This symbol represents the outer product function. It takes two vector arguments and returns a matrix. It is defined as follows: if we write the {i,j}'th element of the matrix to be returned as m_{i,j}, then: m_{i,j}=a_i * b_j where a_i,b_j are the i'th and j'th elements of a, b respectively.
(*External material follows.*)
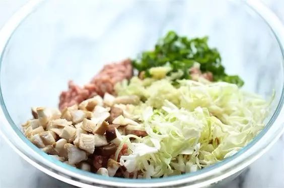 1、在一个碗里,加入肉末、包菜碎、香菇丁、蒜末、小葱末、姜碎、芝麻油和白胡椒,朝同一个方向拌匀。

Commented Mathematical property (CMP):
outerproduct(a,b)_{i,j} = a_i * b_j
Formal Mathematical property (FMP):
<OMOBJ>
  <OMA>
    <OMS cd="relation1" name="eq"/>
    <OMA>
      <OMS cd="linalg1" name="matrix_selector"/>
      <OMV name="i"/>
      <OMV name="j"/>
      <OMA>
        <OMS cd="linalg1" name="outerproduct"/>
	<OMV name="a"/>
	<OMV name="b"/>
      </OMA>
    </OMA>
    <OMA>
      <OMS cd="arith1" name="times"/>
      <OMA>
        <OMS cd="linalg1" name="vector_selector"/>
	<OMV name="i"/>
	<OMV name="a"/>
      </OMA>
      <OMA>
        <OMS cd="linalg1" name="vector_selector"/>
	<OMV name="j"/>
	<OMV name="b"/>
      </OMA>
    </OMA>
  </OMA>
</OMOBJ>

eq (matrix_selector ( i, j, outerproduct ( a, b) ) , times (vector_selector ( i, a) , vector_selector ( j, b) ) )

Signatures:
sts


[Next: transpose] [Previous: scalarproduct] [Top]

transpose

This symbol represents a unary function that denotes the transpose of the given matrix or vector

Example:
A representation of the equation transpose matrix([0,1],[2,3]) = matrix([0,2],[1,3]) N.B. in this example the row oriented view of matrix construction is being assumed.
<OMOBJ>
  <OMA>
    <OMS cd="relation1" name="eq"/>
    <OMA>
      <OMS cd="linalg1" name="transpose"/>
      <OMA>
        <OMS cd="linalg2" name="matrix"/>
        <OMA>
          <OMS cd="linalg2" name="matrixrow"/>
          <OMI> 0 </OMI>
          <OMI> 1 </OMI>
        </OMA>
        <OMA>
          <OMS cd="linalg2" name="matrixrow"/>
          <OMI> 2 </OMI>
          <OMI> 3 </OMI>
        </OMA>
      </OMA>
    </OMA>
    <OMA>
      <OMS cd="linalg2" name="matrix"/>
      <OMA>
        <OMS cd="linalg2" name="matrixrow"/>
        <OMI> 0 </OMI>
        <OMI> 2 </OMI>
      </OMA>
      <OMA>
        <OMS cd="linalg2" name="matrixrow"/>
        <OMI> 1 </OMI>
        <OMI> 3 </OMI>
      </OMA>
    </OMA>
  </OMA>
</OMOBJ>

eq (transpose (matrix (matrixrow ( 0 , 1 ) , matrixrow ( 2 , 3 ) ) ) , matrix (matrixrow ( 0 , 2 ) , matrixrow ( 1 , 3 ) ) )

Signatures:
sts


[Next: determinant] [Previous: outerproduct] [Top]

determinant

This symbol denotes the unary function which returns the determinant of its argument, the argument should be a square matrix.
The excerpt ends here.